In 1980, Fisher consulted for General Electric, working to adapt trace scheduling for a computer
made by a company called Floating Point Systems. But it ended up failing because
the hardware’s fussiness and complexity made it difficult to achieve much parallelism.
Embarrassed by the failure, Fisher dug up manuals for other computers like the CDC Cyberplus and
found that those too were too complicated to get the degree of parallelism he wanted. It
always seemed like the highest possible parallelism speedup was about 2-3 times.
Fisher got frustrated. Eventually, he came to believe that the only way to get the gains he
sought was to implement both the compiler and hardware simultaneously.

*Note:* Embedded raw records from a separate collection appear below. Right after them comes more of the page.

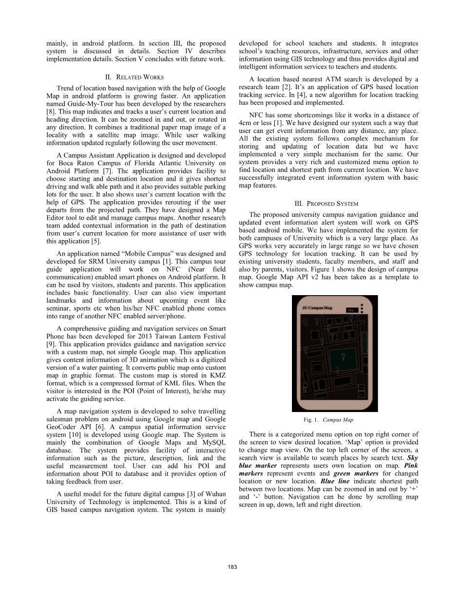 大学校园导航的提出指导了基于GPS的android事件信息更新预警系统将移动工作。大学校园是一个非常大的地方。在大范围内GPS非常准确地提供位置信息,所以我们选择了GPS的位置跟踪技术。它可以通过现有的大学学生,教职员工,和员工也可以由父母,游客反馈信息。图1显示了设计的校园地图。Google地图API作为一个模板来展示校园地图。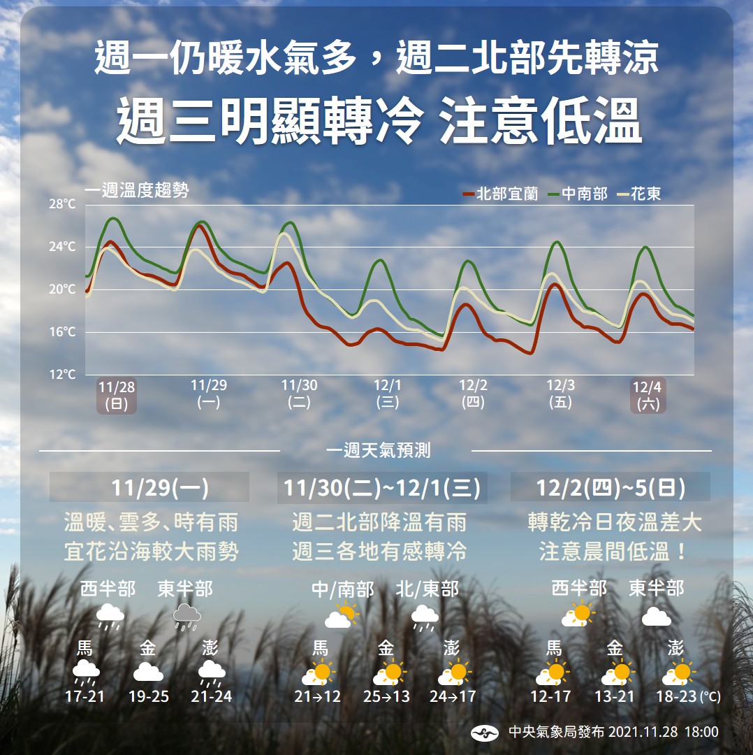 2021年11月29日台灣29日東北季風稍減弱,各地氣溫稍回升;南方雲系北移,台灣半部有短暫雨,並有局部大雨發生的機率,南部地區及澎湖、馬祖有局部短暫雨,中部地區及北部山區有零星短暫雨,其他地區及金門為多雲。30日鋒面通過,東北季風增強或大陸冷氣團南下,北部及東北部天氣要轉冷了。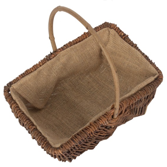 Medium Rectangular Unpeeled Willow Garden Trug With Hessian Lining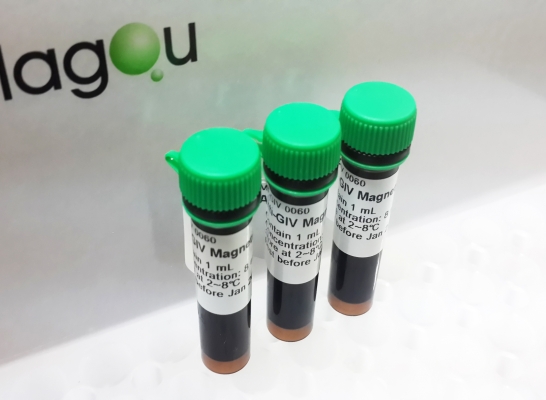 虹彩病毒(Iridovirus)可分類成五個屬,依不同屬的特性及環境的不同,從昆蟲到兩棲類及魚類皆是感染的目標。台灣石斑魚在養殖過程中,從孵化至吋苗時期易感染神經壞死病毒,而吋苗至成魚時期則是虹彩病毒感染的高峰期,受感染的魚隻會有體色變黑、脾、腎臟腫大、臟器組織內有肥大細胞、鰓部出血等症狀,輕則賣相不好影響價格,重則大量死亡,造成養殖戶經濟上的損失。虹彩病毒磁減量檢測試劑是利用磁性免疫方法進行虹彩病毒的快速定量檢測。在粒徑50 nm Fe3O4 磁性粒子表面結合抗體,當表面抗體與病毒結合後,會使磁性粒子產生叢集,進而改變是磁性粒子在外加交流磁場下所產生的交流磁訊號(χac)。藉由交流磁訊號的改變,可以快速精確的定量虹彩病毒。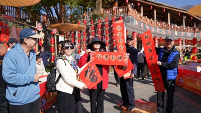 2024年12月30日,游客在乡村年货大集上展示春联。新华社记者 胥冰洁 摄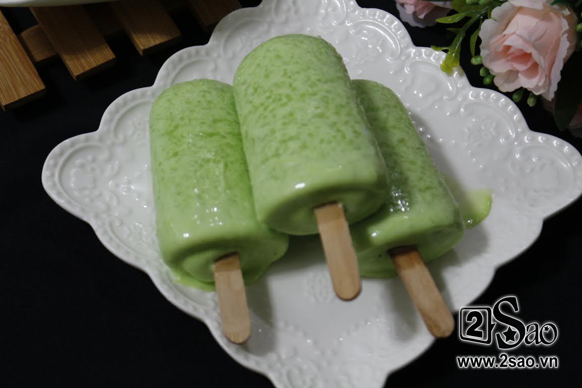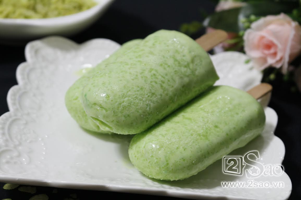 Bước 7: Để cho hỗn hợp kem cốm nguội bớt sau đó múc kem cốm rót vào khuôn kem, cắm que kem và đem cất ngăn đá tủ lạnh 6-8 tiếng hoặc qua đêm cho kem đông lại, khi ăn bạn lấy kem cốm ra khỏi khuôn để thưởng thức.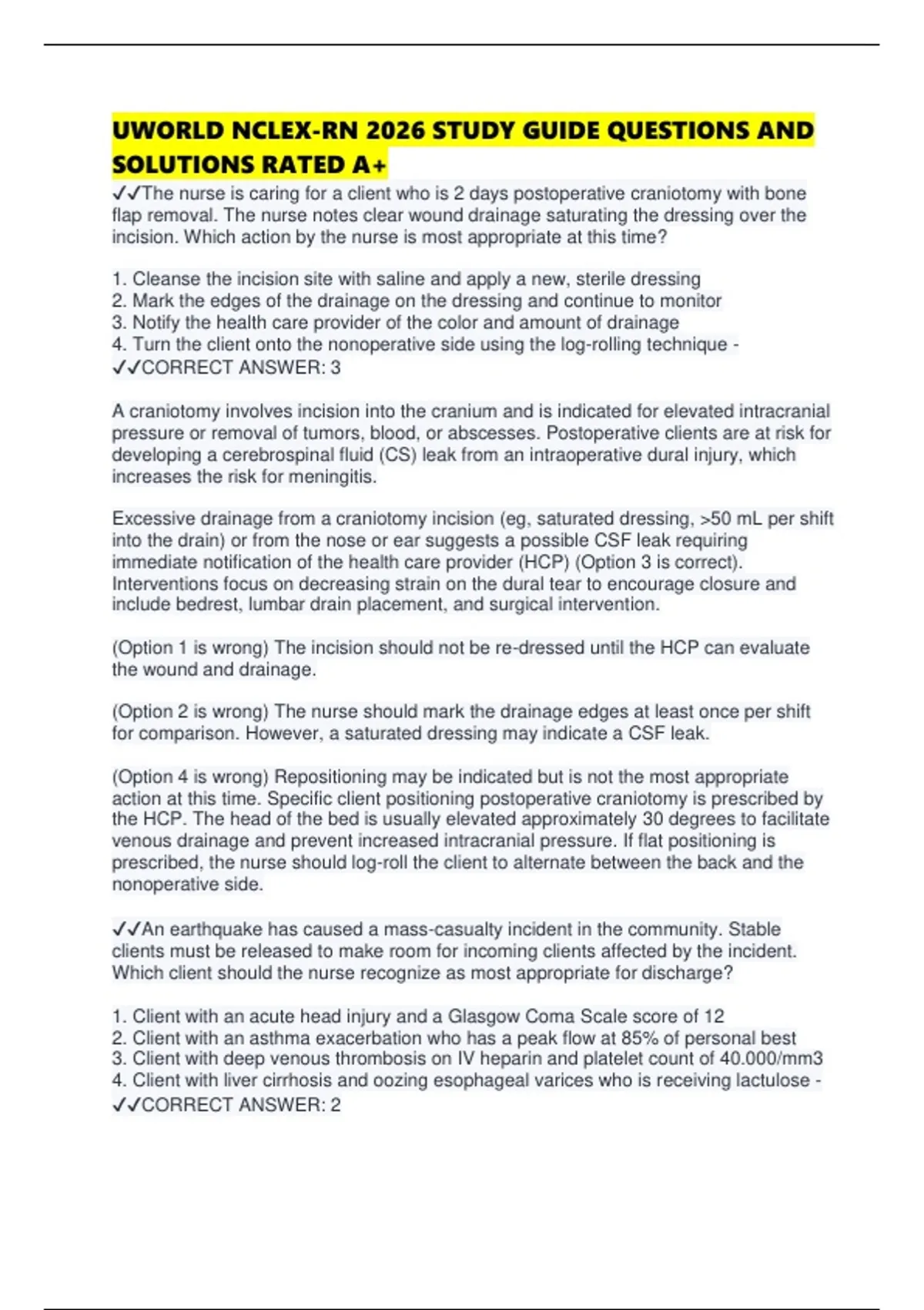 ✔✔The nurse is caring for a client who is 2 days postoperative craniotomy with bone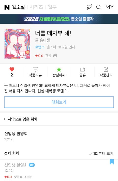 !!!얘도라 나 네이버 웹소설 공모전 출품했어!!!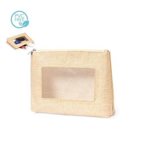 Neceser de inspiración nature con ventana en un lado. Con cierre de cremallera a juego y de acabado cosido. Fabricado en poliéster de tono crudo, con ventana en EVA transparente. Peso: 37,5 grs. Codig...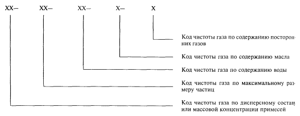 8 В газе независимо от класса чистоты, если он не кодирован по пункту 7, допускаются только следы кислот и щелочей. 9 Классы промышленной чистоты указывают в НТД и технической документации на газовые среды, используемые при производстве, ремонте и эксплуатации машин и приборов, в НТД и технической документации на машины и приборы и записывают в виде кода, структура которого приведена ниже. При обозначении класса чистоты газа используется параллельный метод кодирования. Структура кода класса промышленной чистоты газов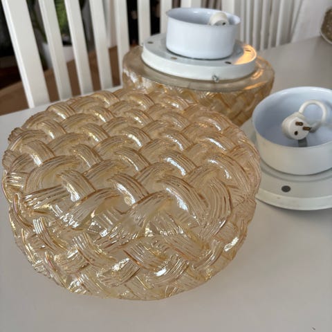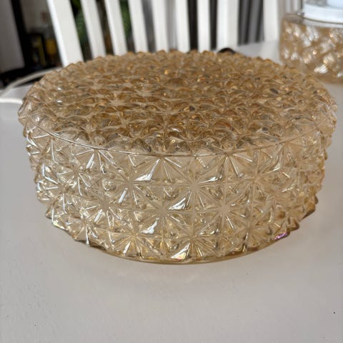 4 st likadana taklampor/plafonder med bärnstensfärgat glas, retro 70-tal.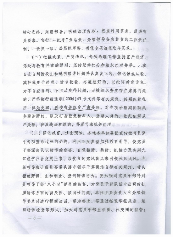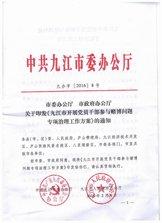 九江市市委办公厅、市政府办公厅关于印发《九江市开展党员干部参与赌博问题专项治理工作方案》的通知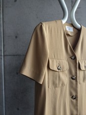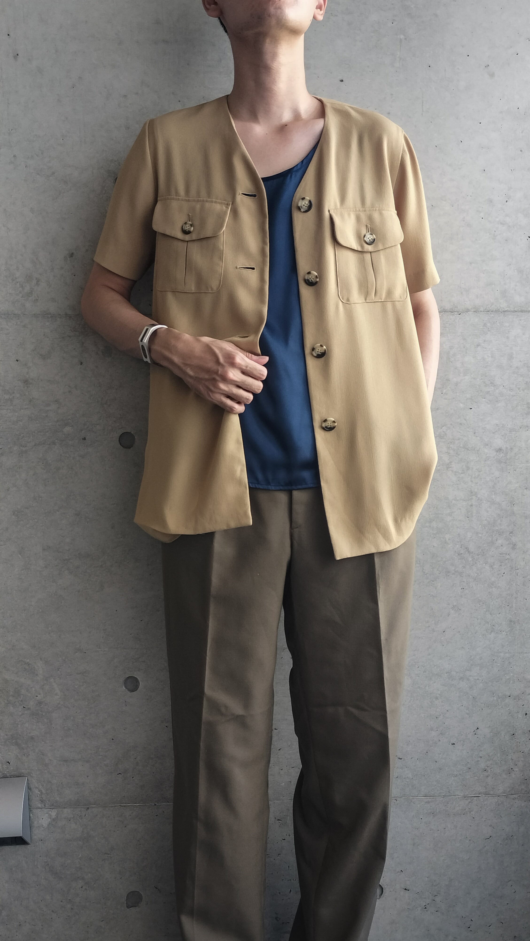 ダークマスタードカラーのシャツ。ノーカラーっていうのも洒落てます。フラップポケット。サイドに大きなスリット入り。一癖、二癖ある良質古着です。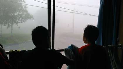 お風呂タイムの待ち時間、外では霧が立ち込めてきました。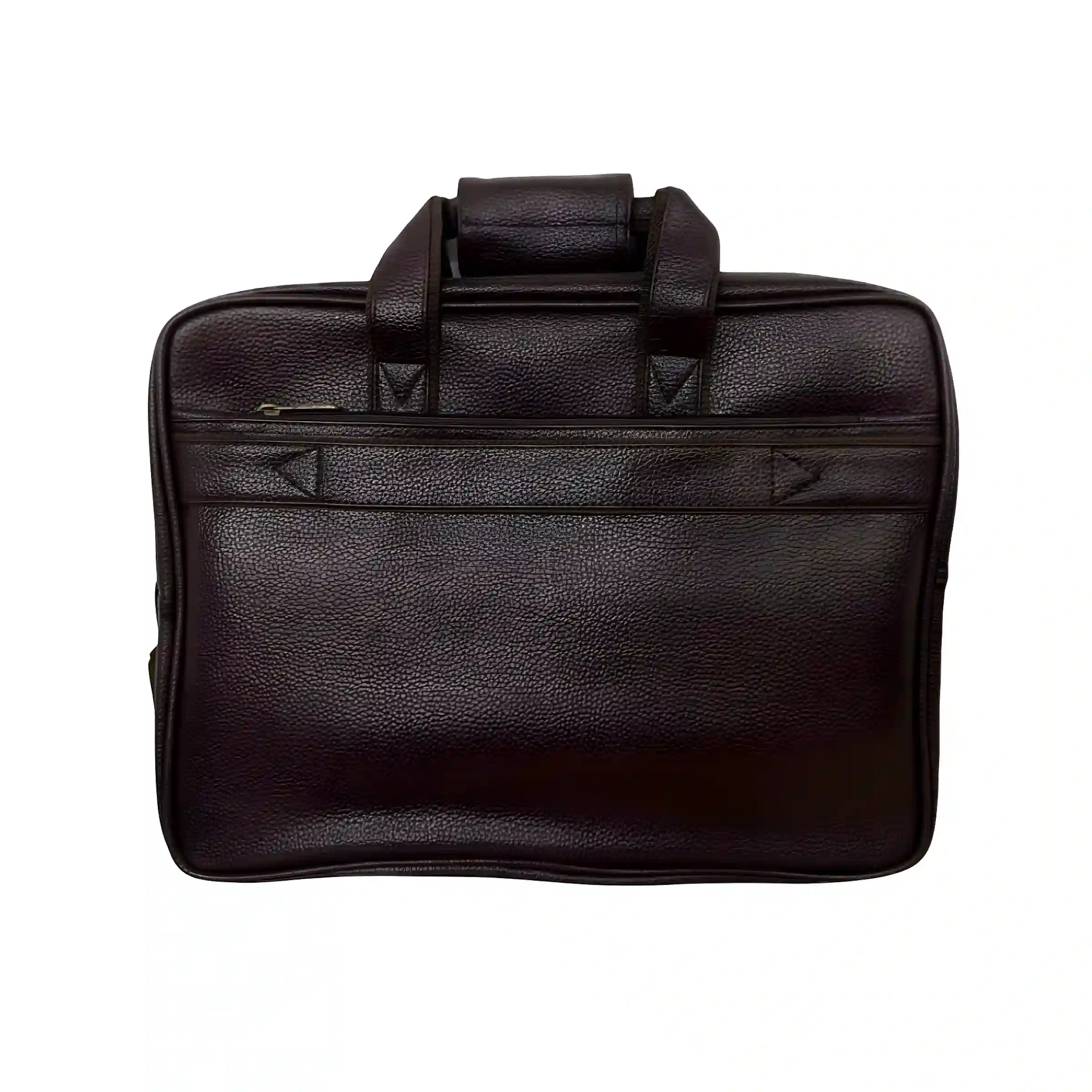 This briefcase-style laptop bag is crafted from high-quality leatherette, combining durability with a professional look. It features dual top handles and a detachable shoulder strap for versatile carrying options. The bag includes multiple pockets and compartments to organize files, notepads, chargers, and personal accessories efficiently. With a secure zipper closure and a practical, commuter-friendly design, it is perfect for daily office use, business meetings, and travel.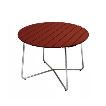 Mesa de jantar 9A, Carvalho vermelho-escuro lacado–estrutura galvanizada a quente Ø100 cm Grythyttan Stålmöbler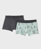 Boxer coton stretch 1 uni / 1 imprimé garçon (lot de 2) vert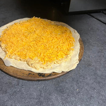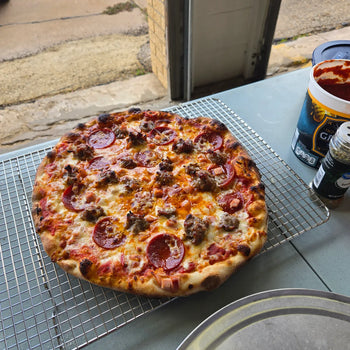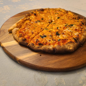 Hand stretch or toss the dough for a 12” or a thin crust 14” pizza.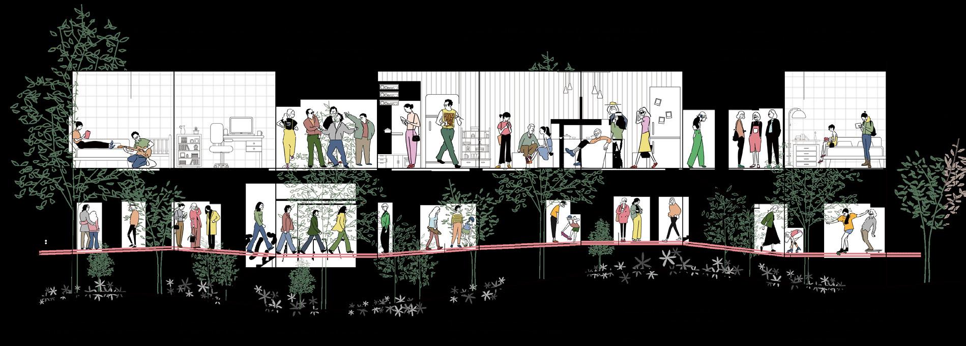 ronment. Together, these strategies reinforce a residential model that prioritizes both individual well-being and collective living.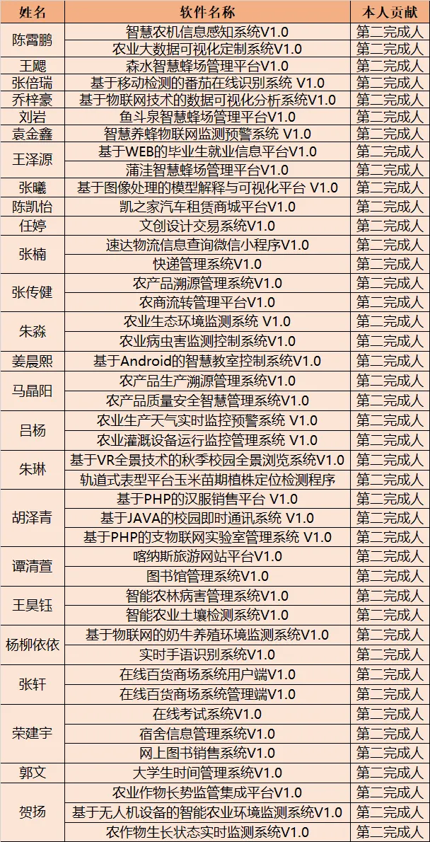 44118太阳成城集团2022级农信1班,共有34人,其中女生16人,男生18人;中共党员9人,共青团员25人。班级成员累计发表论文7篇;获得国家发明专利1项、实用新型专利1项、软件著作权40余项。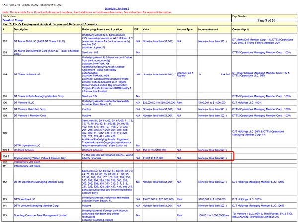 除去 WLFI 代币销售所得的直接收入以外,特朗普还手握通过 ETH 钱包持有的 157.5 亿枚治理代币。财务文件中将其价值计算为 1000-15000 美元左右,收入则记为不足 201 美元。(注:WLFI 第一轮销售单价 0.015 美元,第二轮销售价 0.05 美元,若按照目前场外 0.1 美元价格计算,特朗普持有的代币价值 15.7 亿美元。)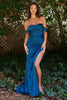 Immerse yourself in a captivating and alluring style with this stunning satin gown. Its soft silhouette is artfully draped, creating an enchanting look that will turn heads. The off-the-shoulder neckline, adorned with swathe straps, adds a touch of elegance, while a high slit reveals a hint of allure. As the skirt cascades gracefully, it exudes a sweeping finish that embodies timeless beauty and sophistication. Perfect for capturing hearts and making a memorable entrance at any special occasion, this gown is a masterpiece that will leave an unforgettable impression.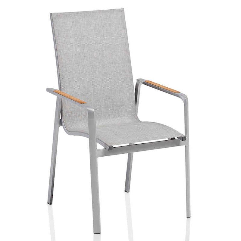 Kettler Diamond Stapelsessel HL silber-hellgrau, Outdoorgewebe, Teak-Armlehnen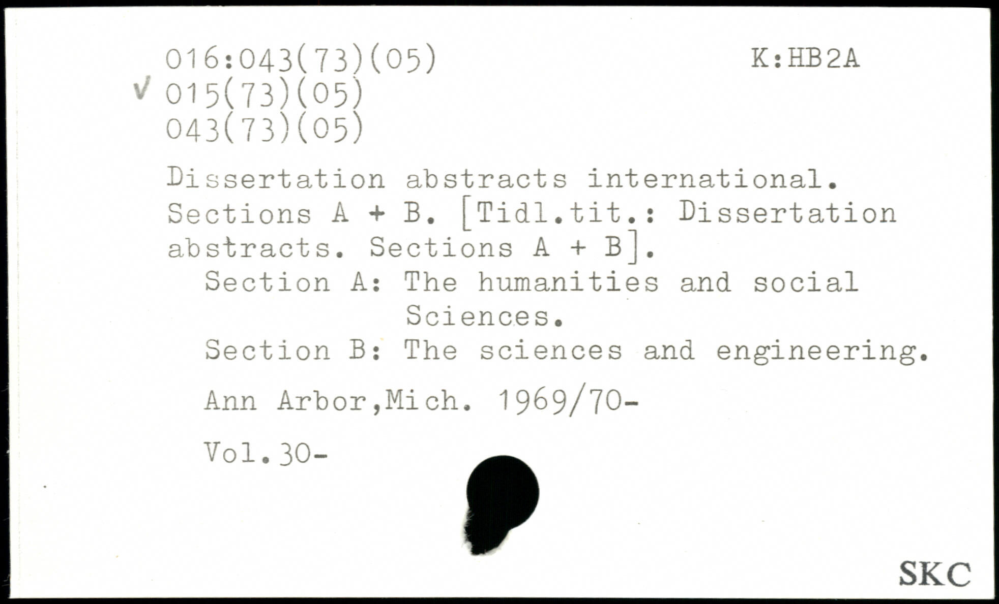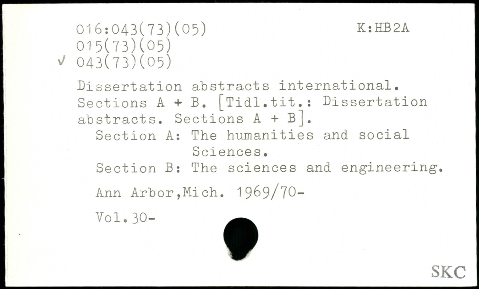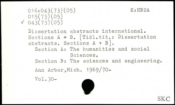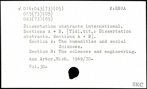 Dissertation abstracts international. Sections A + B. [Tidl.tit.: Dissertation abstracts. Sections A + B]. Section A: The humanities and social Sciences. Section B: The sciences and engineering. Ann Arbor,Mich. 1969/70-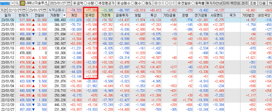 ㄱ) 최근에 개인은 매도하고 외국인과 기관이 매수하고 있다.

And he starts
thinking about what kind of architecture would such a computer need to have.
## VLIW
In 1982, Fisher submits a paper to the International
Symposium of Computer Architecture about his work.
It is titled “Very Long Instruction Word architectures and the ELI-512",
and details his new trace scheduling-centric computer: The ELI-512.
The ELI stands for “Enormously Long Instruction”,
and also serves as an inside joke for Yale people. It was a simplified RISC
device, but modified to run a pack of multiple instructions. Fisher writes:
> Everyone wants to use cheap hardware in parallel to speed up computation.
One obvious approach would be to take your favorite Reduced Instruction Set Computer ...
> let it be capable of executing 10 to 30 RISC-level operations
per cycle controlled by a very long instruction word. (In fact,
call it a VLIW.) A VLIW looks like very parallel horizontal microcode.
The paper's real audacity was less its hardware than its
Trace Scheduling-enabled compiler, named Bulldog.
Today this paper is acknowledged as one of the greats. But when it was released,
people greeted it with polite incredulity. A graduate student at Carnegie Mellon named
Bob Colwell recalls reading the VLIW paper and thinking this guy was nuts:
> I thought, he wants to do what with a compiler? This guy is nuts.
He wants to move code all over the place and then make up for that intentional code
misbehavior with yet more code. You'll never get away with it, it seemed to me,
and even if you can patch things back up, the new overhead will kill performance.
He thought the complexity would eat them all alive. Thusly,
it was inevitable that Colwell would later on down the line work with Josh Fisher.
## Notorious H.A.R.D.W.A.R.E.
As the months passed, Fisher discovered a curious effect.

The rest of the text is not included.